**Data**

....................

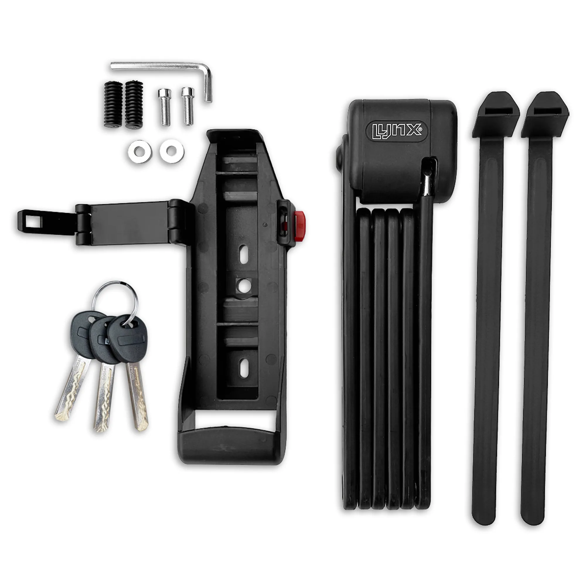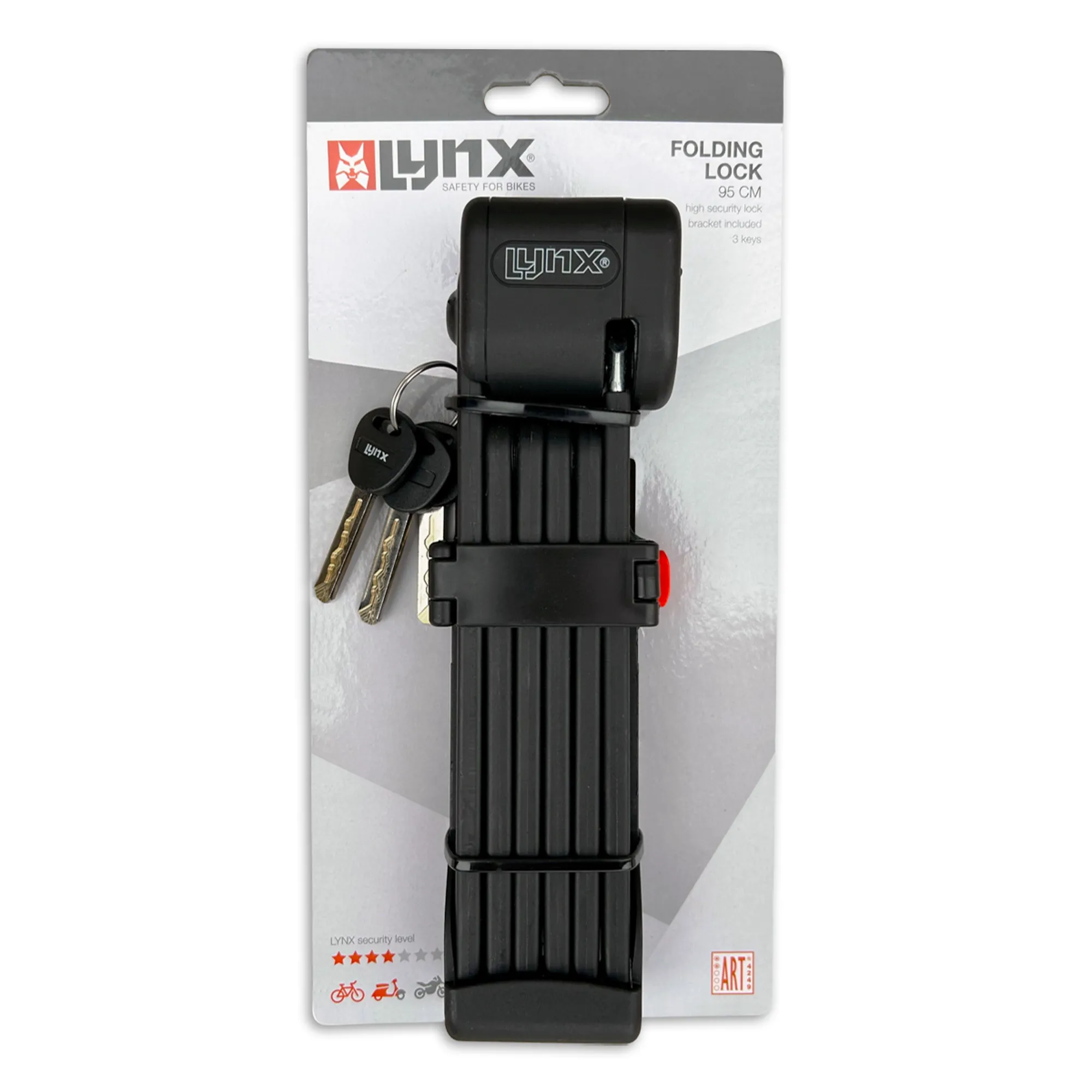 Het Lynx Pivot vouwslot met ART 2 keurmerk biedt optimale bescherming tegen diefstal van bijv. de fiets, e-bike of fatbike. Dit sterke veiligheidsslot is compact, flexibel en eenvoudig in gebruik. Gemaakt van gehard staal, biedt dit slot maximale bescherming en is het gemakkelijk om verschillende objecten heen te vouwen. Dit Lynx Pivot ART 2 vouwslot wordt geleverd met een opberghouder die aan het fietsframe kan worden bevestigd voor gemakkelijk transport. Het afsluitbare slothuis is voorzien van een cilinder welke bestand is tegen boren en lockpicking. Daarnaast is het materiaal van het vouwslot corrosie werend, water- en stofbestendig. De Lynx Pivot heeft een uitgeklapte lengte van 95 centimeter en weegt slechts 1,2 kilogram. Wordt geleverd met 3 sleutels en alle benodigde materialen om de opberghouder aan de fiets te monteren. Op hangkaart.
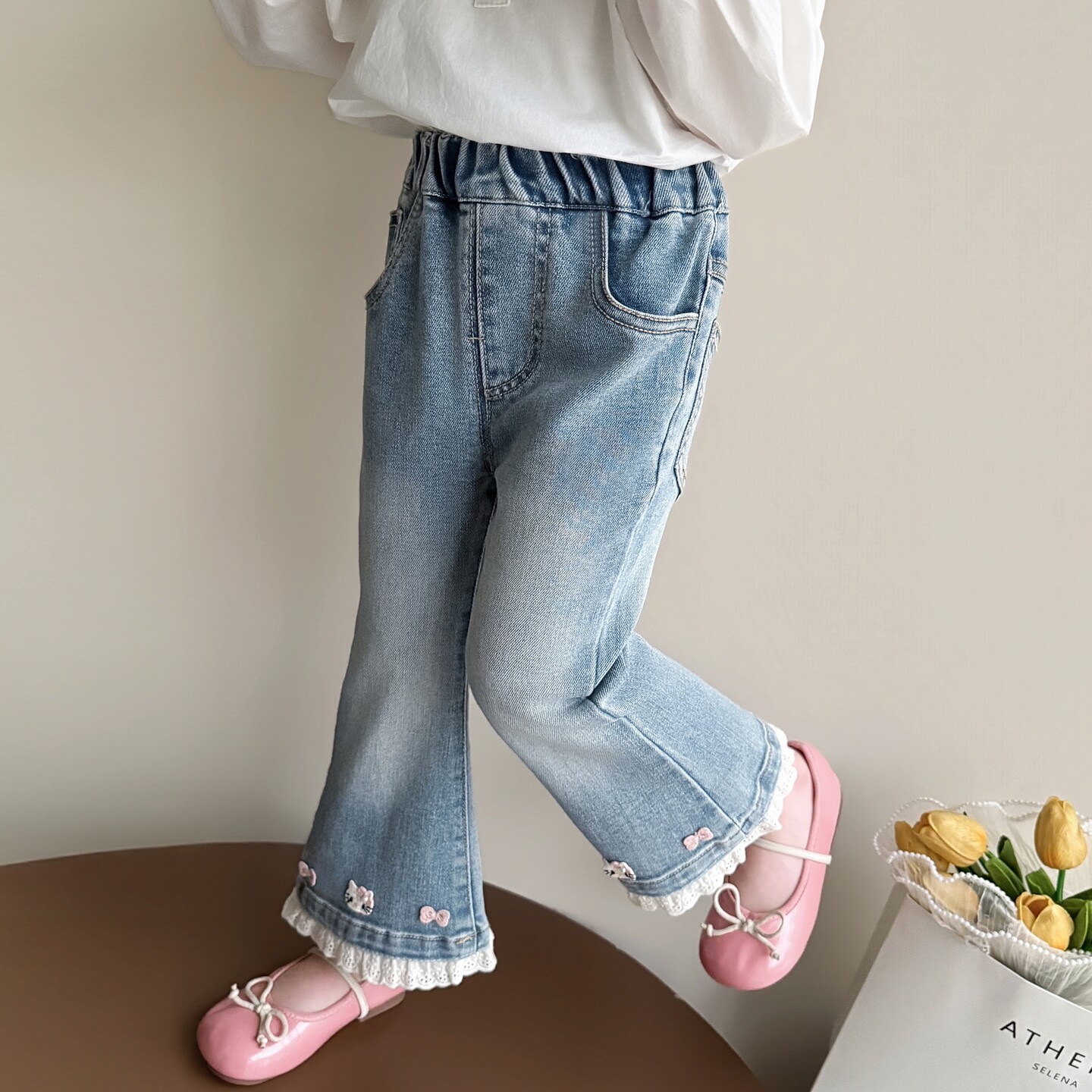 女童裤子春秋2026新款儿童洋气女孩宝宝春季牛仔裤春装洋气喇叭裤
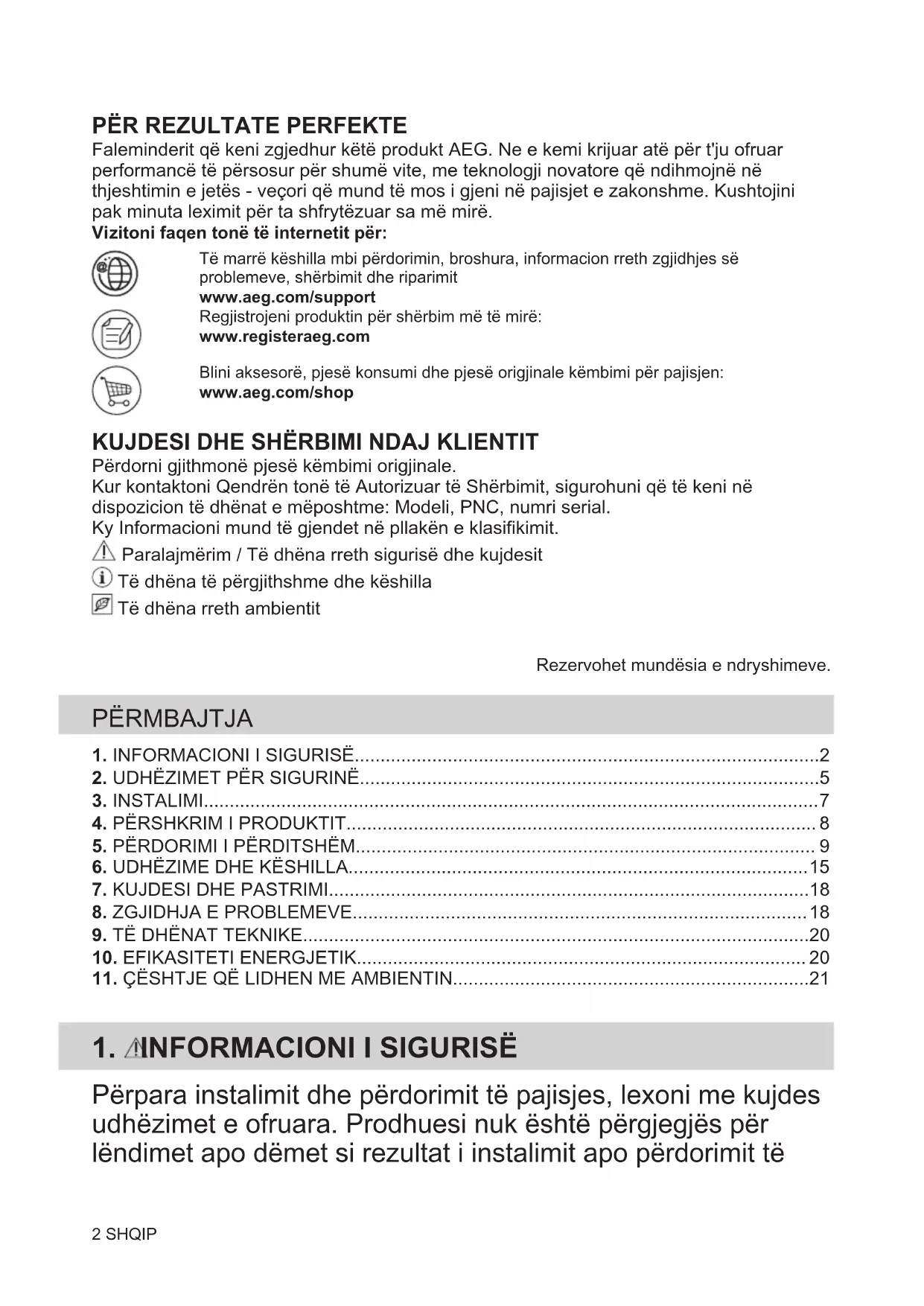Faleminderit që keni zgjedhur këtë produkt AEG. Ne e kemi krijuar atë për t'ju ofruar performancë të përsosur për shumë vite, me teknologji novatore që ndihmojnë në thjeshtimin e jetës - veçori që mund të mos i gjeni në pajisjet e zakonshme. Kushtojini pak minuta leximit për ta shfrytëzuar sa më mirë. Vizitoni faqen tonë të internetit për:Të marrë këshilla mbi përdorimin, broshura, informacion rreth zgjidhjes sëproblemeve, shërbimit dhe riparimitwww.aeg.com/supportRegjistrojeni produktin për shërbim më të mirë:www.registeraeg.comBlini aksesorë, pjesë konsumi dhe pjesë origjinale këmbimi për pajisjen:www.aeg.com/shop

....................

**Work request**
Begin with the line that contains "女童裤子春秋2026新款儿童洋气女孩宝宝春季牛仔裤春装洋气喇叭裤" and copy every line through the end of the listing, exactly as written, both ends included. Pictures are not part of the copy.

**Expected output**
 女童裤子春秋2026新款儿童洋气女孩宝宝春季牛仔裤春装洋气喇叭裤
Faleminderit që keni zgjedhur këtë produkt AEG. Ne e kemi krijuar atë për t'ju ofruar performancë të përsosur për shumë vite, me teknologji novatore që ndihmojnë në thjeshtimin e jetës - veçori që mund të mos i gjeni në pajisjet e zakonshme. Kushtojini pak minuta leximit për ta shfrytëzuar sa më mirë. Vizitoni faqen tonë të internetit për:Të marrë këshilla mbi përdorimin, broshura, informacion rreth zgjidhjes sëproblemeve, shërbimit dhe riparimitwww.aeg.com/supportRegjistrojeni produktin për shërbim më të mirë:www.registeraeg.comBlini aksesorë, pjesë konsumi dhe pjesë origjinale këmbimi për pajisjen:www.aeg.com/shop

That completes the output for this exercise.